Nomura Sayaka, Endo-Umeda Kaori, Fujii Shinya, Makishima Makoto, Hashimoto Yuichi, Ishikawa Minoru
Institute of Molecular and Cellular Biosciences, The University of Tokyo, 1-1-1 Yayoi, Bunkyo-ku, Tokyo 113-0032, Japan.
Nihon University School of Medicine, 30-1 Oyaguchi-kamicho, Itabashi-ku, Tokyo 173-8610, Japan.
Bioorg Med Chem Lett. 2018 Feb 15;28(4):796-801. doi: 10.1016/j.bmcl.2017.12.024. Epub 2017 Dec 13.

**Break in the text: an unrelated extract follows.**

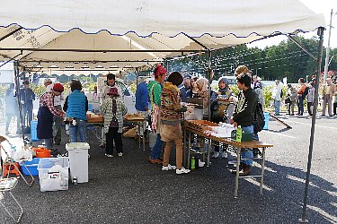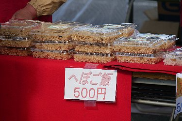| 人気のへぼ五平を買うために行列ができていた.甘いみそだれにすりつぶしたヘボが混ぜ込んであって香ばしい.1本300円也. | |

LXRβ-selective agonists are promising candidates to improve atherosclerosis without increasing plasma or hepatic TG levels. We have reported a series of tetrachlorophthalimide analogs as an LXRβ-selective agonist. However, they exhibited poor aqueous solubility probably due to its high hydrophobicity and highly rigid and plane structure. In this report, we present further structural development of tetrachloro(styrylphenyl)phthalimides as the LXRβ-selective agonists with improved aqueous solubility.
LXRβ选择性激动剂是有望在不增加血浆或肝脏甘油三酯水平的情况下改善动脉粥样硬化的候选药物。我们已报道了一系列四氯邻苯二甲酰亚胺类似物作为LXRβ选择性激动剂。然而,它们表现出较差的水溶性,这可能是由于其高疏水性以及高度刚性和平坦的结构。在本报告中,我们展示了四氯(苯乙烯基苯基)邻苯二甲酰亚胺作为具有改善水溶性的LXRβ选择性激动剂的进一步结构开发。